# Best tip for spraying trim



## NtContractors (May 14, 2011)

Any suggestion on the best tip for trim? How about the pressure?


----------



## NtContractors (May 14, 2011)

I'm using a titan 440


----------



## Sir Mixalot (Jan 6, 2008)

NtContractors said:


> Any suggestion on the best tip for trim? How about the pressure?


For trim I use a 211 or 311 at around 1/2 pressure (you might have to adjust this to your machine though).:thumbsup:

-Paul


----------



## NtContractors (May 14, 2011)

Thanx Paul.. 
I do have a 315 & 319
Used the 315 and half the doors had runs
... 
Im not really used to spraying doors


----------



## Sir Mixalot (Jan 6, 2008)

NtContractors said:


> Thanx Paul..
> I do have a 315 & 319
> Used the 315 and half the doors had runs
> ...
> Im not really used to spraying doors


Well the last two numbers are orifice size. 
So I would try a 311. It's worth a shot for $20. And another trick is to keep your gun moving and work that trigger.:thumbup:

-Paul


----------



## WarriorWithWood (Jun 30, 2007)

I was in SW the other day grabbing a couple smaller tips for my painter, the guy behind the counter couldn't tell me what the orifice sizes were on the individual tips so I wound up buying 3 and praying. 

Now I know, Thanks Paul.


----------



## Sir Mixalot (Jan 6, 2008)

WarriorWithWood said:


> I was in SW the other day grabbing a couple smaller tips for my painter, the guy behind the counter couldn't tell me what the orifice sizes were on the individual tips so I wound up buying 4 and praying.
> 
> Now I know, Thanks Paul.



Dennis, I'm glad I could help.:thumbsup: 
Also, multiply the the first number on the tip x2 and that is the fan size. So a 311 is a 6" fan with a .11 orifice.:thumbup:

-Paul


----------



## world llc (Dec 9, 2008)

10's, and 11's... a spray shield and a bag of rags to clean off build up


----------



## WarriorWithWood (Jun 30, 2007)

That's what I grabbed, a 211-311-and 411. We wound up using the 311 for oil priming it on horses, and like you said it covered the 5 1/2" siding boards almost perfect. He actually started with a 533 (or something really close to that) and he was painting 3 boards at a time and blowing through gallons WAY too fast.


----------



## NtContractors (May 14, 2011)

Thanx alot guys.. Will start second unit today.. Hope will come out better..


----------



## aptpupil (Jun 12, 2010)

WarriorWithWood said:


> I was in SW the other day grabbing a couple smaller tips for my painter, the guy behind the counter couldn't tell me what the orifice sizes were on the individual tips so I wound up buying 3 and praying.
> 
> Now I know, Thanks Paul.


pretty disappointing that a guy at SW didn't know that as it's pretty fundamental and easy to figure out. you would think any paint clerk worth his salt would have that down on day one.


----------



## JHC (Jun 4, 2010)

Have you seen the persons behind the counter now at SW? Whenever I call I immediately ask for the manager or another employee that I know. So many don't have a clue about the products they are selling. 

I digress. 

To the OP I just blogged about this very topic Sunday. Check it out. 
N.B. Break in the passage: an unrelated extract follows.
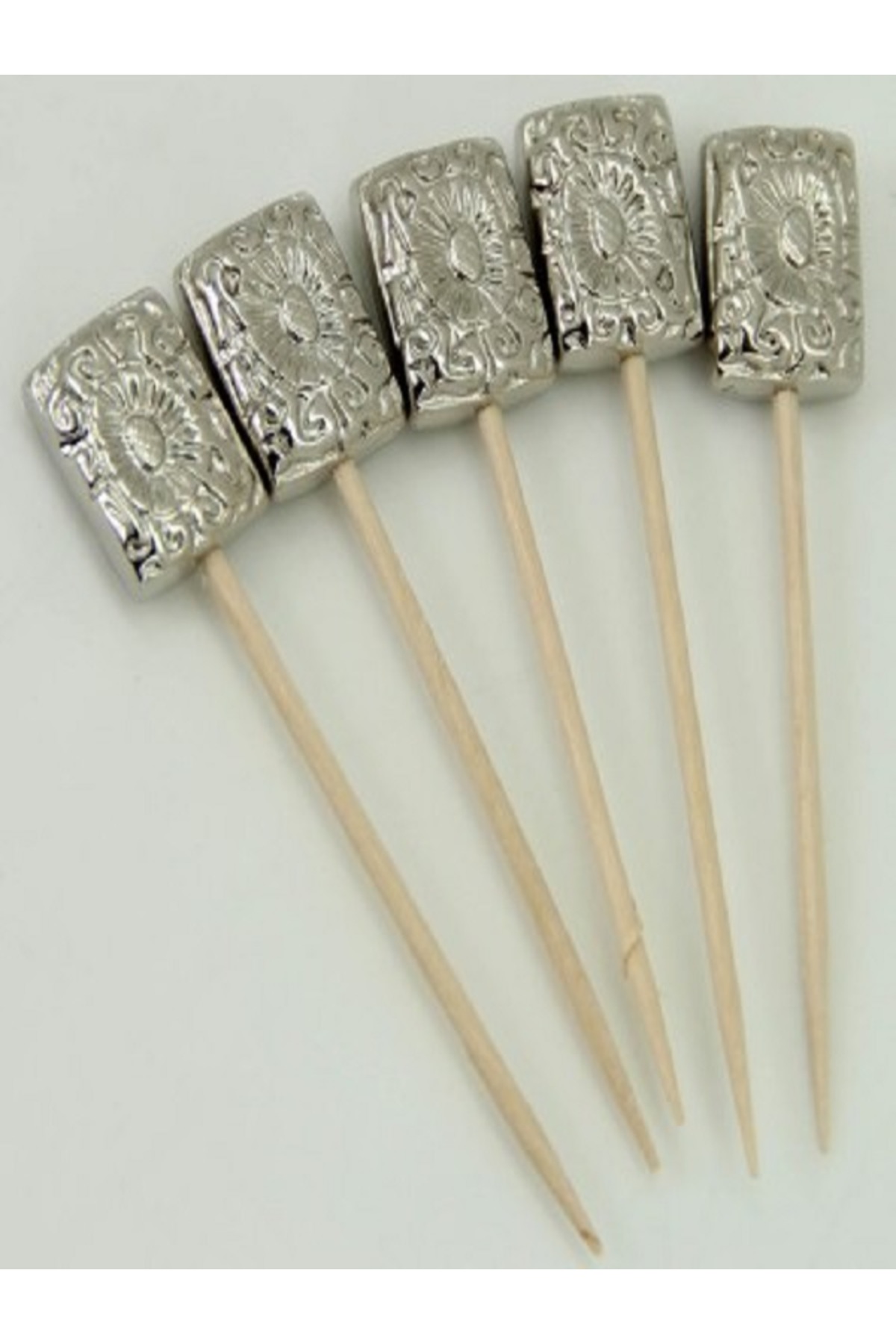 Kazanabil 20 قطعة أعواد أسنان مستطيلة مطرزة بالخرز لتقديم الكوكتيل باللون الفضي

http://www.johnsonhomeconstruction.com/remodeling-articles/


----------



## Rent A Painter (May 29, 2010)

WarriorWithWood said:


> I was in SW the other day grabbing a couple smaller tips for my painter, the guy behind the counter couldn't tell me what the orifice sizes were on the individual tips so I wound up buying 3 and praying.
> 
> Now I know, Thanks Paul.


Guys at SW never know sh!t


----------



## fixitbraintree (Feb 23, 2010)

Mixalot that was a great explanation of tip size. NT the other thing that you are going to have to do is experiment with the pressure it is different for everyone because of hand speed etc.


----------



## CarlW (Feb 2, 2006)

Not only hand speed, but the conditions and temperature are always a factor. Every day you spray may be a bit different in terms of settings. Also, I believe that the fine finish tips are worth the extra money. Sure, spraying acrylics is a fairly easy thing to do but I have always found the paint to lay down better when using the fine finish tips. My favorite is 310. After some use, the tips will eventually become blown out and you will be using more paint and may even start getting some sags. After about 5 big spray jobs, I start to watch that tip to see if it's time for replacement. Good luck!


----------